# Manmade Salt Licks



## Sponsy12 (Nov 22, 2004)

I've kinda been reading up on these, and from what I've found out all you do is buy salt or minerals and dig a hole put them in it and cover it up and put a little bit on top. I guess the deer just love them. Does anyone use these? if so what is the best method for making them? what kind of salt/minerals do you buy? Granular or solid salt rock? Location?
Thanks 
Kevin


----------



## gtbuck (Sep 14, 2006)

You can just loosen the dirt and put out a salt block from the feed store and if you want to mix minerals mix those in dirt.
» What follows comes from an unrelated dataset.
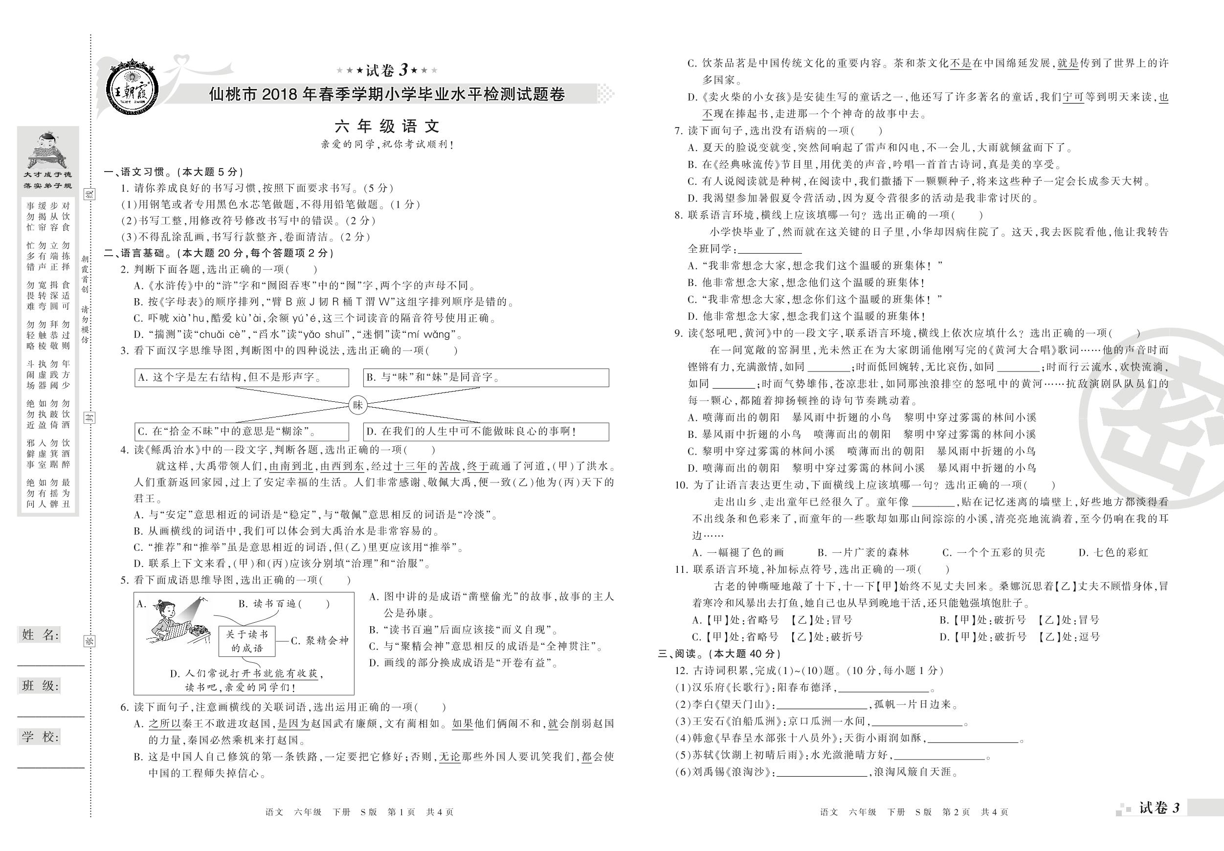 2017-2018学年第二学期仙桃市六年级语文试卷(S版)【3】

They work for us.


----------



## bigpuddin43 (Feb 13, 2007)

we made some this year using 50 lbs of dicalcium phosphate 100bs of trace minerals and 50lbs of stock salt!! just loosen the ground with a hoe or shovel pour the stuff on and mix it in and one good rain and the deer will start using them! our deer are wearing them out and have been all summer long!! only thing to remember is the first year you need to refurbish the lick with the same mixture after about 6 months then again at 1 year after that you just need to do it each year! they are awesome!!


----------



## spank (Feb 4, 2007)

anymore tips on making them


----------



## Sponsy12 (Nov 22, 2004)

Have you guys found much difference between a salt/mineral mix or a salt/mineral block with all the same ingredients in it? does one last longer or have a different effect?


----------